[Source records]
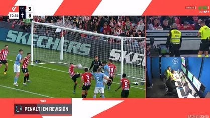 Ninguna de las dos acciones previas a los goles parecieron merecedoras de falta y, por tanto, ambos tantos subieron al marcador. Pero los colegiados tuvieron mucho más trabajo tras el descanso, al que se llegó con 2-2 en el electrónico. Para empezar, hubo otro gol anulado al Celta en el 64, pero Larsen ni siquiera lo celebraba, consciente de que estaba en fuera de juego, y en el 71’, Pulido Santana acudía al monitor del VAR a revisar una mano de Guruzeta en el área, pitando un penalti a la postre fallado por Aspas.
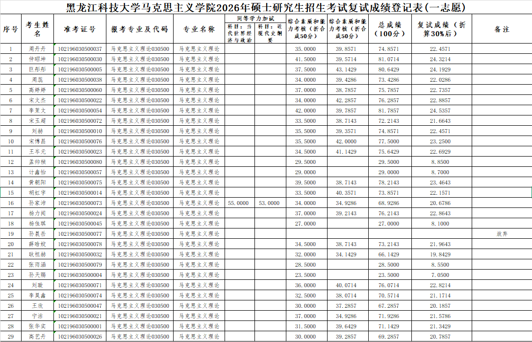 黑龙江科技大学马克思主义学院2026年硕士研究生招生考试复试成绩登记表(一志愿)
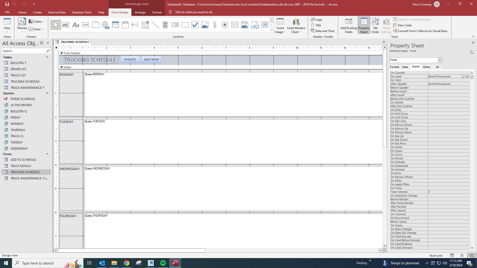 Yes I had load event to auto maximize the main form. I removed that and your code worked. But If I wanted to convert what you have to an if and statement based on todays date that the Monday subform would be white unless today was actually Monday and the same scenario for all other weekdays would I still have this "ambiguous" issue? Or is there a way around it?
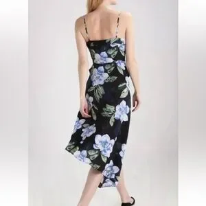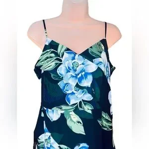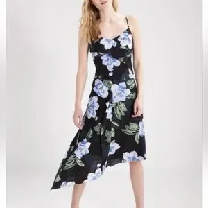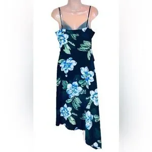 Excellent preowned condition. Black blue floral pattern, size zipper, adjustable straps, asymmetric hemline.
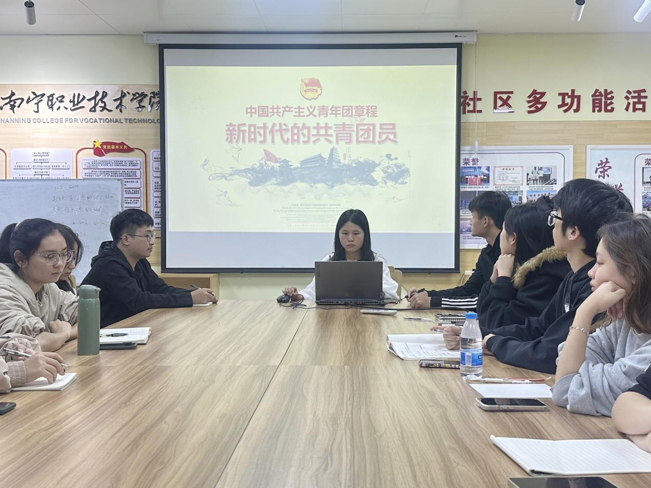 10月23日,艺术与传媒学院2025年秋季学期团校培训班第四次主题团课在19栋“一站式”学生社区开课。本次课程以“学习中国共产主义青年团章程”为主题,学院专职辅导员黄金梅主讲,全体入团积极分子参加。
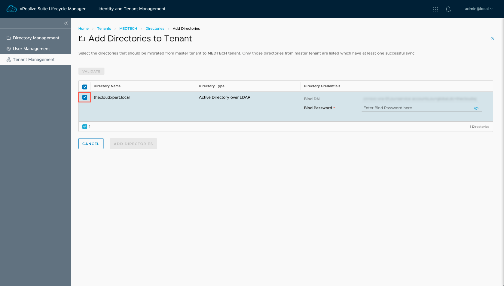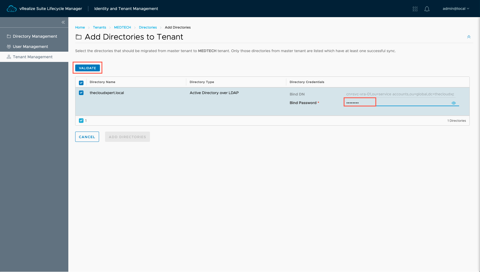 - At the Add Directories to Tenant screen, enter the Bind Password into the textbox and click VALIDATE.
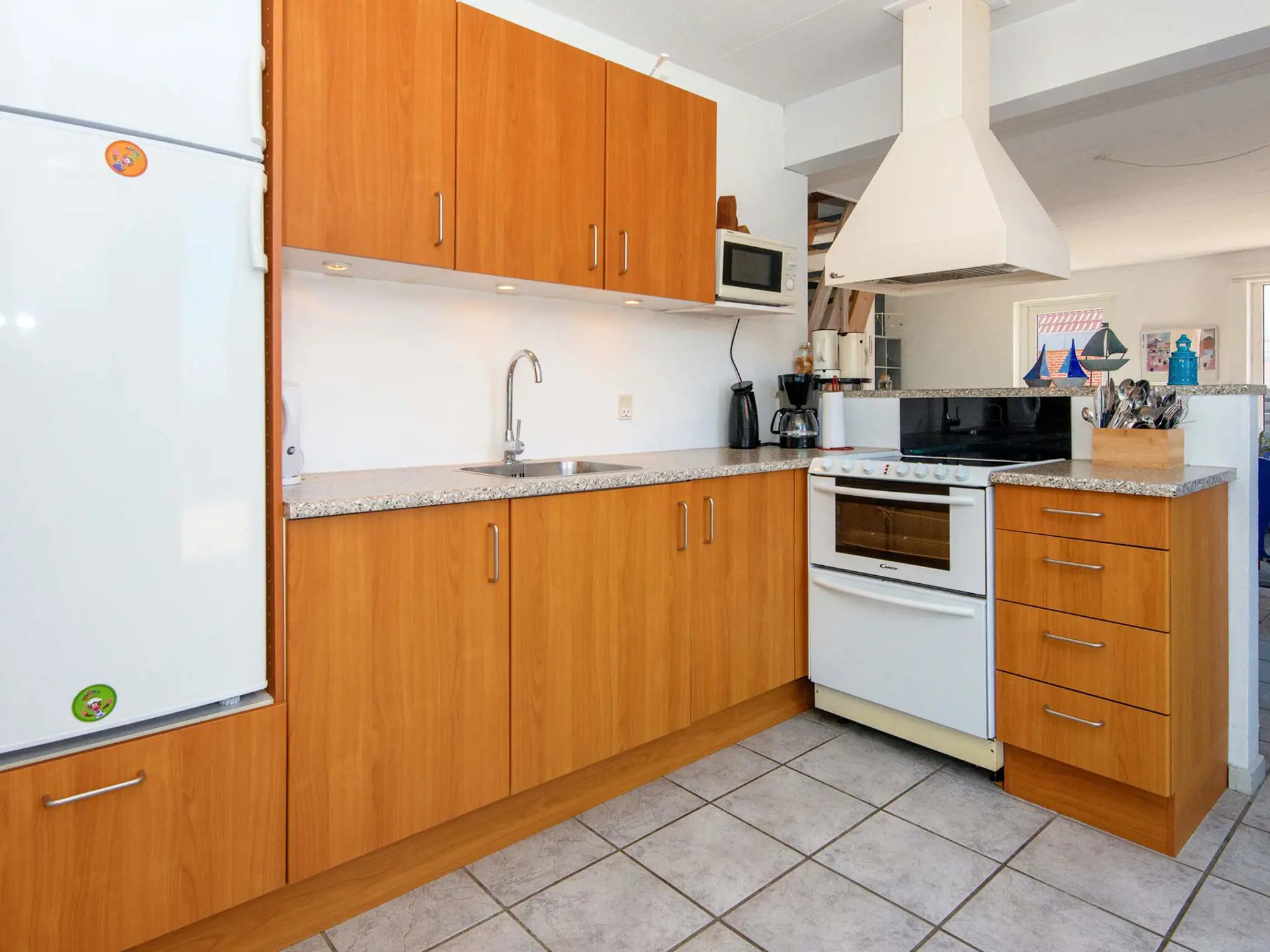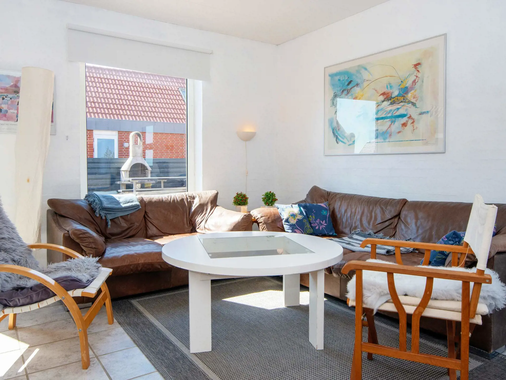 Im schönen Bjerregård, nur ca. 600 m von der Nordsee entfernt, befindet sich dieses helle Reihenhaus mit Whirlpool und Sauna zur Erholung. Das Haus ist modern und bietet viel Platz in der gut ausgestatteten Küche, die offen mit dem Wohnzimmer verbunden ist, in dem ein Fernseher bereitstehen. Es gibt zwei Schlafzimmer mit Doppelbett und vom Wohnzimmer aus Zugang zu einem geräumigen Hems mit zwei Einzelbetten. Das Badezimmer ist hell und Sie können die Sauna nutzen oder sich in der Whirlwanne entspannen. Das Haus hat eine eigene, abgeschirmte Terrassenfläche sowie Zugang zu einem großen, gemeinsamen Innenhof mit Grill.
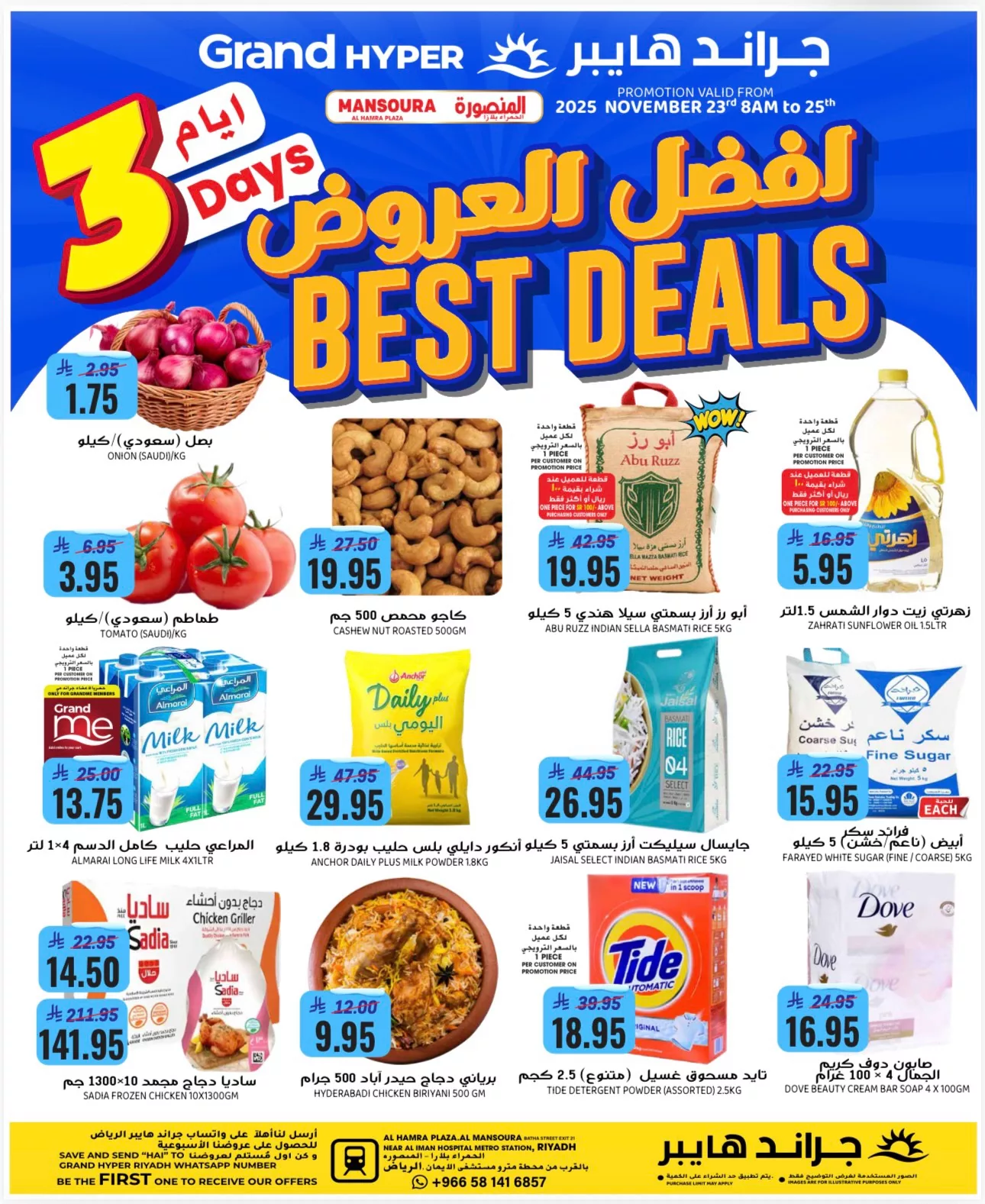 بنقدم ليكم عروض جراند هايبر الرياض الاحد 2 جماد الاخر 1447هـ و تحتوي علي الخضروات والفواكه مثل التفاح الأحمر والموز الإكوادوري والرمان اليمني بالإضافة إلى الخضروات المحلية مثل الباذنجان والقرع السعودي و بتوفر كمان لزيوت النباتية مثل زيت دوار الشمس وزيت الذرة بالإضافة إلى المعلبات والتونة الخفيفة والفواكه المستوردة

- _WHAT TO DO_
What's needed here is an exact repeat of all the records above, pictures excluded.

- _WRITTEN RESPONSE_
 Ninguna de las dos acciones previas a los goles parecieron merecedoras de falta y, por tanto, ambos tantos subieron al marcador. Pero los colegiados tuvieron mucho más trabajo tras el descanso, al que se llegó con 2-2 en el electrónico. Para empezar, hubo otro gol anulado al Celta en el 64, pero Larsen ni siquiera lo celebraba, consciente de que estaba en fuera de juego, y en el 71’, Pulido Santana acudía al monitor del VAR a revisar una mano de Guruzeta en el área, pitando un penalti a la postre fallado por Aspas.
 黑龙江科技大学马克思主义学院2026年硕士研究生招生考试复试成绩登记表(一志愿)
 Yes I had load event to auto maximize the main form. I removed that and your code worked. But If I wanted to convert what you have to an if and statement based on todays date that the Monday subform would be white unless today was actually Monday and the same scenario for all other weekdays would I still have this "ambiguous" issue? Or is there a way around it?
 Excellent preowned condition. Black blue floral pattern, size zipper, adjustable straps, asymmetric hemline.
 10月23日,艺术与传媒学院2025年秋季学期团校培训班第四次主题团课在19栋“一站式”学生社区开课。本次课程以“学习中国共产主义青年团章程”为主题,学院专职辅导员黄金梅主讲,全体入团积极分子参加。
 - At the Add Directories to Tenant screen, enter the Bind Password into the textbox and click VALIDATE.
 Im schönen Bjerregård, nur ca. 600 m von der Nordsee entfernt, befindet sich dieses helle Reihenhaus mit Whirlpool und Sauna zur Erholung. Das Haus ist modern und bietet viel Platz in der gut ausgestatteten Küche, die offen mit dem Wohnzimmer verbunden ist, in dem ein Fernseher bereitstehen. Es gibt zwei Schlafzimmer mit Doppelbett und vom Wohnzimmer aus Zugang zu einem geräumigen Hems mit zwei Einzelbetten. Das Badezimmer ist hell und Sie können die Sauna nutzen oder sich in der Whirlwanne entspannen. Das Haus hat eine eigene, abgeschirmte Terrassenfläche sowie Zugang zu einem großen, gemeinsamen Innenhof mit Grill.
 بنقدم ليكم عروض جراند هايبر الرياض الاحد 2 جماد الاخر 1447هـ و تحتوي علي الخضروات والفواكه مثل التفاح الأحمر والموز الإكوادوري والرمان اليمني بالإضافة إلى الخضروات المحلية مثل الباذنجان والقرع السعودي و بتوفر كمان لزيوت النباتية مثل زيت دوار الشمس وزيت الذرة بالإضافة إلى المعلبات والتونة الخفيفة والفواكه المستوردة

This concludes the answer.